If $F(n)$ is the Fibonacci Sequence, defined in the following way:
$$
F(0)=0 \\
F(1)=1 \\
F(n)=F(n-1)+F(n-2)
$$

I need to prove the following by induction:
$$F(n) \leq \bigg(\frac{1+\sqrt{5}}{2}\bigg)^{n-1} \quad \forall n \geq 0$$

I know how to prove the base cases and I know that the inductive hypothesis is "assume $F(n) \leq \bigg(\frac{1+\sqrt{5}}{2}\bigg)^{n-1} \quad \forall n \leq k, k \geq 0$".

For the inductive step, I need to show:
$$F(k+1) \leq \bigg(\frac{1+\sqrt{5}}{2}\bigg)^{k+1}$$

$F(k) + F(k-1) \leq \bigg(\frac{1+\sqrt{5}}{2}\bigg)^k$ — by the definition of the Fibonacci sequence. $\bigg(\frac{1+\sqrt{5}}{2}\bigg)^{k-1} + \bigg(\frac{1+\sqrt{5}}{2}\bigg)^{k-2} \leq \bigg(\frac{1+\sqrt{5}}{2}\bigg)^k$ — by the inductive hypothesis?
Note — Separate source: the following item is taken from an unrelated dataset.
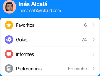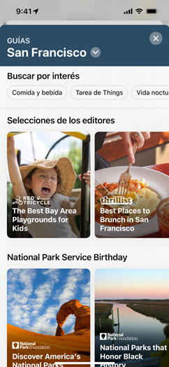• Las guías seleccionadas son listas de lugares creadas por socios de confianza para ayudarte a encontrar sitios interesantes a los que ir a comer, comprar, quedar con amigos o, sencillamente, explorar. Mapas ofrece más de 1.000 guías seleccionadas en ciudades de todo el mundo. En iOS 15, toca Explorar Guías en Mapas para ver las guías recomendadas por los editores.

If I could show this last line then I could prove the overall question but I am unsure of how to prove this and that last line may not be correct. Any help would be greatly appreciated!

Best Answer

Hint: Let $\phi = \frac{1 + \sqrt{5}}{2}$. Note that $\phi$ satisfies $$ \phi^2 = \phi + 1 $$ (as you may verify using the quadratic formula, for example) and therefore for all $k$, $\phi^k = \phi^{k-1} + \phi^{k-2}$.